Generally, when a radiologist describes a image, he will inspect the abnormal region carefully after quickly browsing the global image, then write a report that reflects both his inspection and the knowledge obtained from external medical domain information and his working experience. To mimic this pattern, we firstly pretrain the framework with the external medical signals collected from an appropriate website in order to correctly phrase and learn medical knowledge. Subsequently, the internal visual fusion signals facilitate graph encoding and bridge the gap between linguistic and visual domain. More details regarding these internal visual fusion signals are described in Section 3.3.

3.2 The structure of ASGK

An overview of our approach is shown in Fig. 2. The main structure of ASGK comprises a medical graph encoder and natural language decoder.

Fig. 2
figure 2

An overview of our ASGK approach. The ASGK model consists of a medical graph encoder and a natural language decoder. The medical graph encoder encodes input features into the corresponding medical tag graph, while the natural language decoder transfers high-level information to sentences or reports. The external signals guide the pretraining procedure, while the internal signals guide the model to bridge linguistic and visual information. T and MCS represent threshold and max connection select operation respectively

3.2.1 Medical graph encoder

This component is built to encode the input features into higher level information, i.e. a medical tag graph. In the medical graph, each node denotes one detected medical tag, the features of which are the classification probabilities and can be written as (1).

$$\begin{aligned} V = \mathrm{Sigmoid}(\mathrm{W}_\mathrm{v}\mathrm{f}_\mathrm{input}) \end{aligned}$$
(1)

where \(W_{v}\) is a projection matrix of size \(N\times {d}\); here, d represent the dimension of the input features, and N is the number of total tags. Given that the truth edge information is not available in our case, we conduct an attention operation to learn edge weights automatically, which can be written as follows:

$$\begin{aligned} e_{i,j} = \mathrm {Norm}(\mathrm {Attention}(W_{v}v_i, W_{v}v_j)) \end{aligned}$$
(2)

where Norm is the normalization operation, while Attention is executed as a scaled dot-product operation. Then the medical tag graph is incorporated with the prior medical knowledge which is represented as a set of nodes of size N with initialized features and edges via attention mechanism following by [17], which can be written as follows:

$$\begin{aligned} G = \mathrm {att}(G_{prior}, V, E) \end{aligned}$$
(3)

To enhance the correlation between each of the nodes, we employ a multi-head self attention operation on G to get the final graph.
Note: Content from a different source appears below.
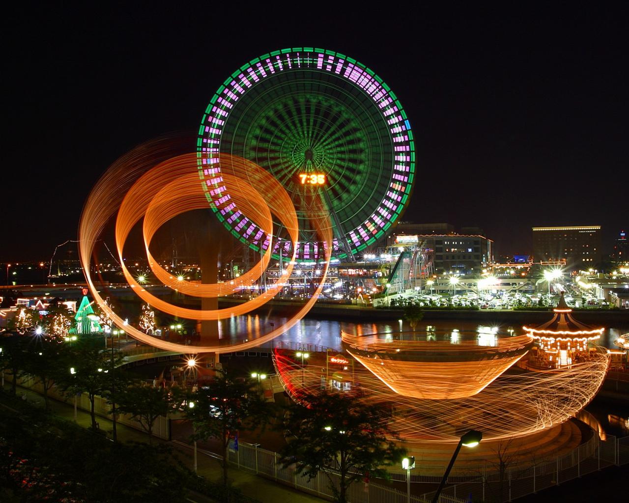 Wallpaper Snow, Trees, Night, Winter night, Lights, Park

We further treat medical tag detection as a multi-label classification task and adopt BCE loss to maximize the prediction scores

$$\begin{aligned} L_{tagcls} = -\sum \limits ^{N-1}_{i=0}y_i\log {v_i}+(1-y_i)\log (1-v_i) \end{aligned}$$
(4)

where \(W_{v}\) is a projection matrix of size \(N\times {d}\); here, d represent the dimension of the input features, \(y_i\) is the ground truth label, and \(v_i\) is the final graph tag features.

3.2.2 Natural language decoder

Inspired by GPT [31], we design a natural language decoder consisting of \(N=3\) blocks, similar to the Transformer decoder, to interpret the medical tag graph and enable semantic alignment in the visual and linguistic domain. The structure of the block is presented in Fig. 2. This block applies a masked, multi-head self-attention operation to the medical report or sentences tokens \(T=\left\{ t_1, t_2,..., t_l\right\}\) embedded from Glove vectors pretrained on our datasets. We use [31] to maximize the likelihood in the following formulation:

$$\begin{aligned} L_t(T) = -\sum \limits _{i}\log {P(t_i|t_1,...,t_{i-1}; \varTheta )} \end{aligned}$$
(5)

where P is the conditional probability of the next token prediction, modeled using a neural network with parameters \(\varTheta\) and history sentences. Then, followed by position-wise feed forward layers, the natural language decoder aims to produce an output distribution over all token vocabulary.

$$\begin{aligned} h_0= & {} I_WW_e+I_PW_p, \end{aligned}$$
(6)
$$\begin{aligned} H_l= & {} \mathbf{block} (h_{l-1}, V, E) \forall {l}\in [1, N], \end{aligned}$$
(7)
$$\begin{aligned} P_i= & {} \mathrm {Softmax}(h_NW^T_e) \end{aligned}$$
(8)

where \(I_W\) is the index of input tokens in the vocabulary, \(I_P\) is the index of the token’s position, \(W_e\) is the pretrained wording embedding matrix, and \(W_p\) is the position embedding matrix.

3.3 Auxiliary signal-guide learning

3.3.1 Pretraining with external auxiliary signals

The direct application of general pretrained language models to medical domain tasks leads to unsatisfactory results, since the word distributions differ from those of those of general and medical corpora. To resolve this problem, we collect medical textual information from an appropriate website to construct a large-scale medical textbook. This textbook provides sufficient information about medical knowledge, including the symptoms, manifestations and other information about COVID-19 and thoracic diseases. Before feeding it into the medical graph encoder, we divide the medical textbook into sentences and embed the word tokens with embedding vectors, which are trained in our datasets using Glove [29]. After embedding, sentences are encoded using a single-layer GRU with 1024 hidden units to produce the external medical auxiliary signals.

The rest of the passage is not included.